[Data items]

·····

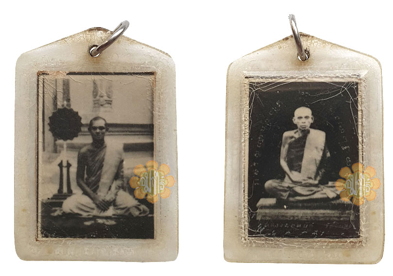 Image of Luang Phor Par and Luang Phor Yat in Black/White photo form "LoopThai" laminated on Glass and consecrated in year B.E. 2508 (1965). Luang Phor Yat was the founder and Abbot of Wat Bot ( Singburi Province )
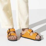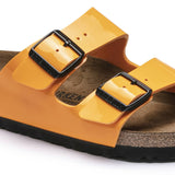 The BIRKENSTOCK Arizona Birko-Flor Patent Orange sandals a genuine classic that has been delighting both men and women for decades. This simple sandal with two straps stands for timeless design and has long held cult status thanks to its comfort factor. The upper is made from the skin-friendly, hard-wearing synthetic material Birko-Flor with a shiny patent coating.
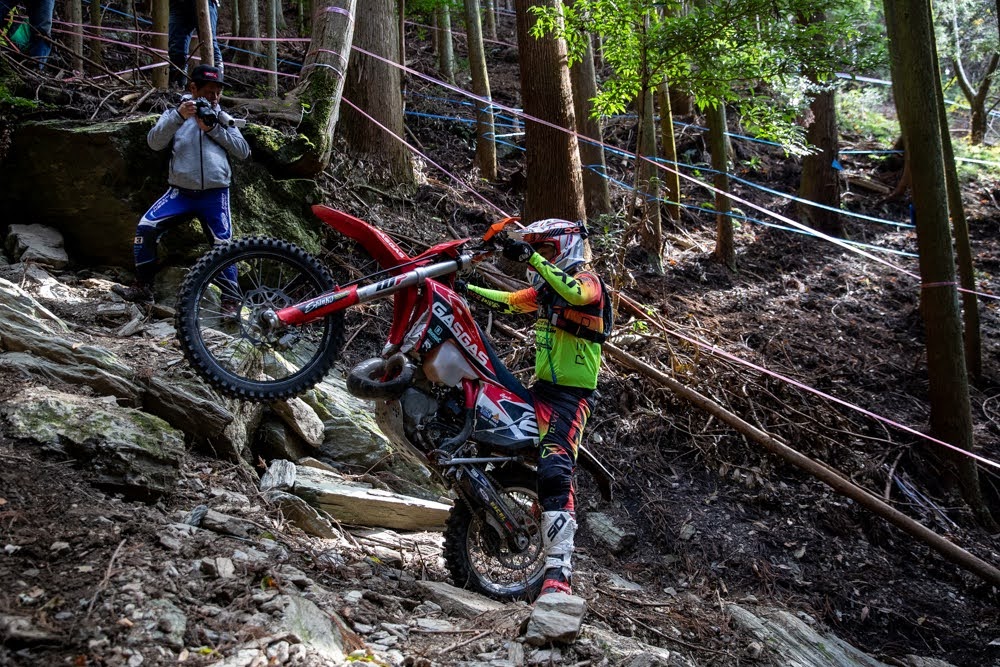 韓国チャンピオンのジェホンをアテンドしたのは水上泰佑。韓国遠征で仲良くなり、日本での移動やマシンのサポートを行った。なお、マシンは山田礼人が提供したGASGAS EC300にジェホンが持ち込んだハンドルやレバー、シートなどを取り付けたもの。
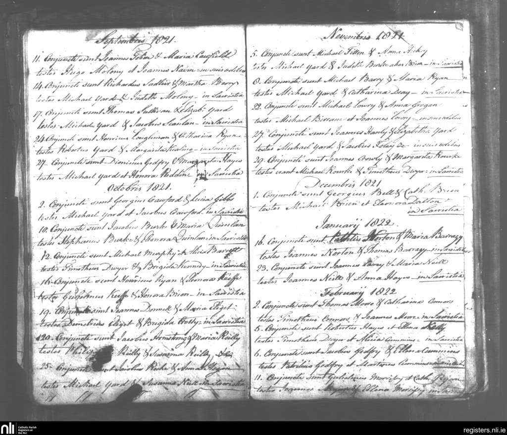 Tipperary; County of Tipperary; Diocese of Cashel and Emly. Marriages, Sep. 1821 to Feb. 1822
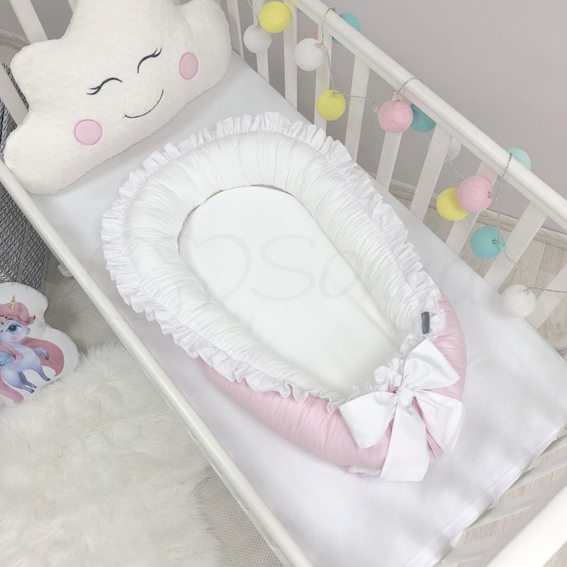 Гніздечко-кокон-це невеликий, ергономічний, плоский матрац з м'якими обмежувальними бортиками по всьому периметру заввишки 10 см. Наповнювач матраца - піна, пружний, сучасний, модифікований матеріал, який рівномірно розподіляє навантаження, завдяки чому малюк почуває себе затишно і комфортно. Чохол матраца пошитий з мікрофібри. Наповнювач для бортиків - силіконізоване волокно. Бортики можна стягнути спеціальною ниткою, яка вже вшита в кокон і зафіксувати бантом, таким чином можна зменшувати, або збільшувати розмір кокона-гніздечка. Тканина чохла - натуральна 100% бавовна поплін.

·····

## Exercise objective
What must be output is the exact run of lines from the one holding "The BIRKENSTOCK Arizona" through the end of the entries above, both ends included, minus the pictures.

## Response to the exercise
 The BIRKENSTOCK Arizona Birko-Flor Patent Orange sandals a genuine classic that has been delighting both men and women for decades. This simple sandal with two straps stands for timeless design and has long held cult status thanks to its comfort factor. The upper is made from the skin-friendly, hard-wearing synthetic material Birko-Flor with a shiny patent coating.
 韓国チャンピオンのジェホンをアテンドしたのは水上泰佑。韓国遠征で仲良くなり、日本での移動やマシンのサポートを行った。なお、マシンは山田礼人が提供したGASGAS EC300にジェホンが持ち込んだハンドルやレバー、シートなどを取り付けたもの。
 Tipperary; County of Tipperary; Diocese of Cashel and Emly. Marriages, Sep. 1821 to Feb. 1822
 Гніздечко-кокон-це невеликий, ергономічний, плоский матрац з м'якими обмежувальними бортиками по всьому периметру заввишки 10 см. Наповнювач матраца - піна, пружний, сучасний, модифікований матеріал, який рівномірно розподіляє навантаження, завдяки чому малюк почуває себе затишно і комфортно. Чохол матраца пошитий з мікрофібри. Наповнювач для бортиків - силіконізоване волокно. Бортики можна стягнути спеціальною ниткою, яка вже вшита в кокон і зафіксувати бантом, таким чином можна зменшувати, або збільшувати розмір кокона-гніздечка. Тканина чохла - натуральна 100% бавовна поплін.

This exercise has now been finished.